Thursday, March 31, 2011

Japan, to limit nuclear danger

Workers were evacuated from a nuclear reactor plant in Japan damaged after the discovery of potentially lethal levels of radiation in the water, a huge setback in attempts to avoid a catastrophic merger. The plant operator said that the radiation in the water reactor number two had more than one mSv per hour, the highest reading so far in the midst of a crisis caused by the earthquake of March 11 and the tsunami that followed minutes later.

The reading is far from the national safety standard of 250 mSv per year. The Environmental Protection Agency United States said that a single dose of millisieverts thousand is enough to cause bleeding. The plant operator, Tokyo Electric Power Co., said later that the extremely high radiation readings may have been wrong, adding that estimates were being revised.
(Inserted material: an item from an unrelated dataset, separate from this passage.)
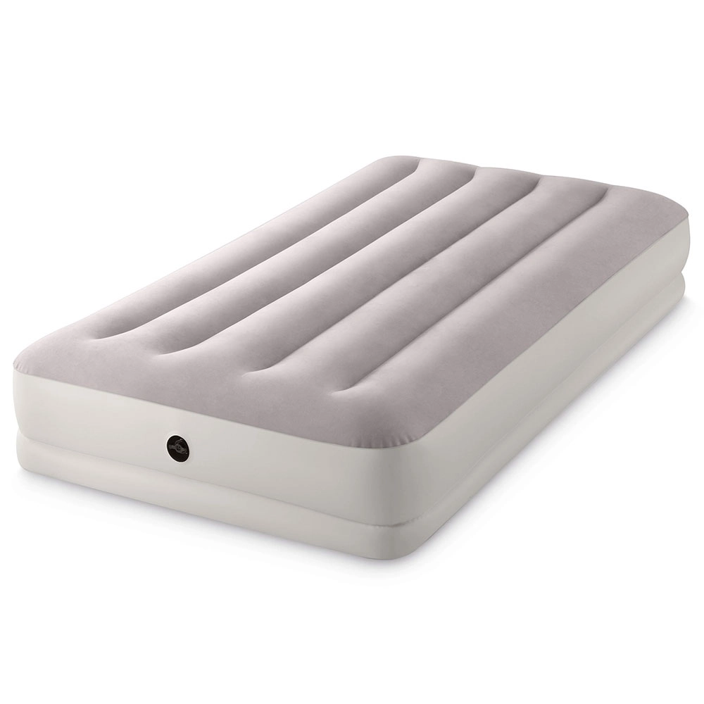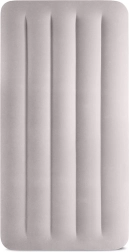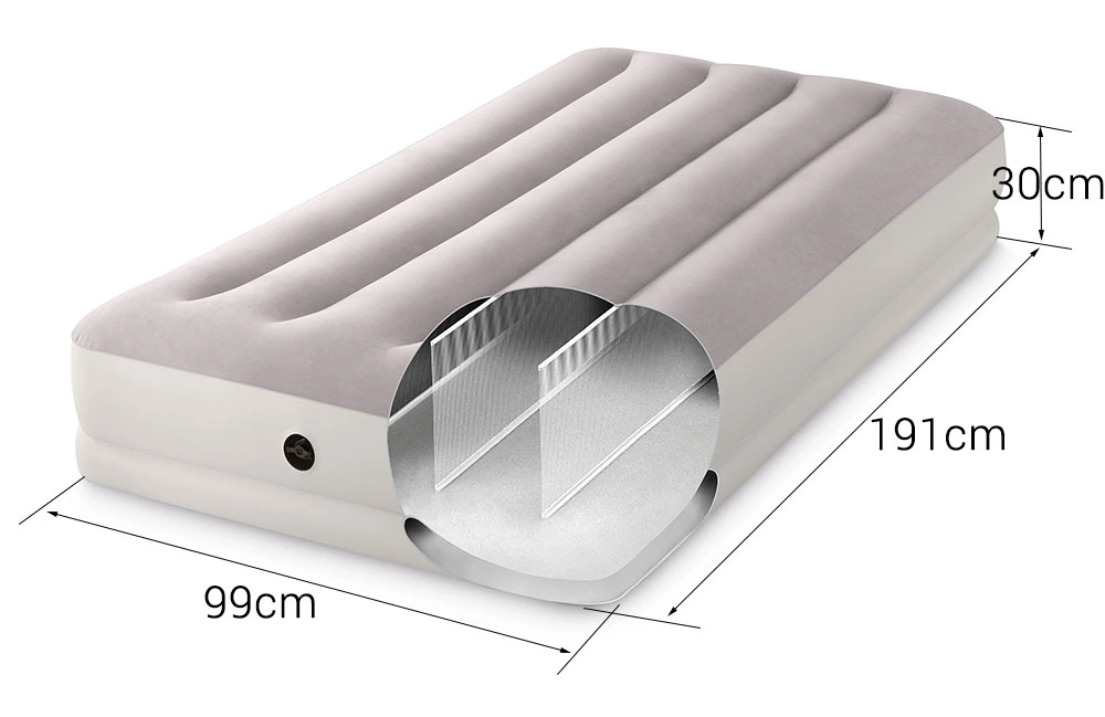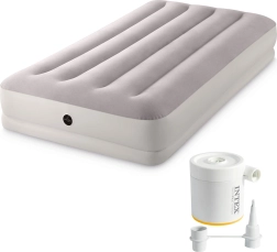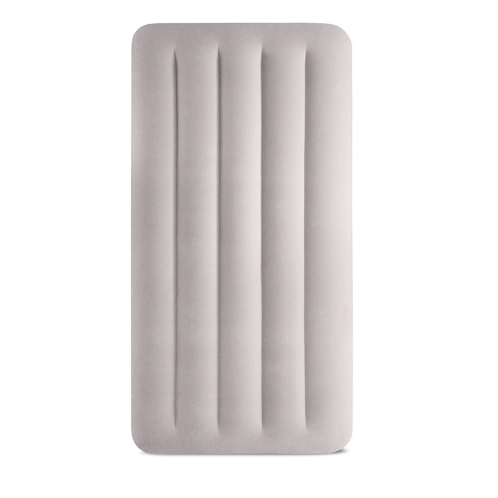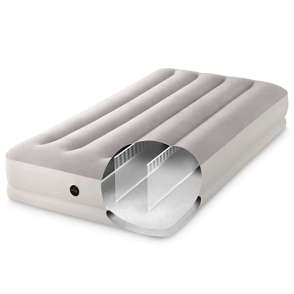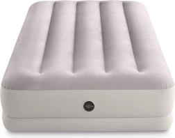 Täispuhutav voodi INTEX ühendab vastupidava PVC-materjali pehme flock-kattega pinnaga, mis on meeldiv puudutusele ja parandab une mugavust. Tõstetud konstruktsioon pikisuunaliste kambrite ja sisemiste tugevdustega tagab stabiilsuse ilma õõtsumise efektita ning usaldusväärse toe selgroole.

"The situation is serious. They have to get this water from the soil, get rid of it to lower the radiation, "said Robert Finck, expert from the Radiation Safety Authority in Sweden, speaking before the operator expressed his doubts about the story. The Japanese government said that in general, the situation has not changed in the plant located some 240 kilometers north of Tokyo, even if difficulties arise from time to time.

Radiation at the plant has risen in recent days. The latest readings on the weekend show contamination 100 000 times higher than normal water reactor number two thousand and 850 times what is considered normal in the sea near the nuclear plant. Those were the most alarming levels since the crisis began.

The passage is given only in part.